CONVERSA DIFÍCIL - CAPÍTULO 89


Exatamente às 4:00h daquela madrugada, o Dr. Salviano pedia que alguém chamasse o Dr.Álvaro porque os dois precisavam conversar. Todos estavam na expectativa de saber da Drª Laura, então, imediatamente, algumas enfermeiras, aquelas que ajudaram a cuidar da Mannu e sabiam onde ele estava, se dispuseram a chamá-lo na ala pediátrica.
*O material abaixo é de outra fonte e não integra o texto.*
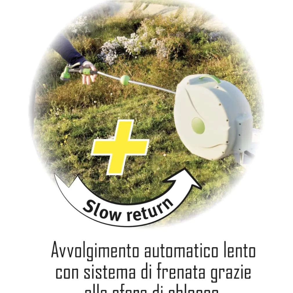 Tubo in PVC da 30 metri: Il nostro avvolgitubo è dotato di un robusto tubo da 30 metri in PVC che ti consente di raggiungere facilmente tutte le aree del tuo giardino.
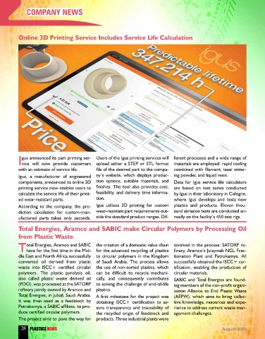 gus announced its part printing ser- Users of the Igus printing services will ferent processes and a wide range of

O Dr. Salviano estranhou não ver o colega e amigo ali por perto, aguardando o final da cirurgia, pois sabia o quanto ele era ligado à esposa e, principalmente, o quanto ele tinha dificuldade em relaxar antes de saber o resultado de qualquer procedimento quando se tratava de alguém do seu círculo de conhecimento, ainda mais se tratando de alguém da sua família.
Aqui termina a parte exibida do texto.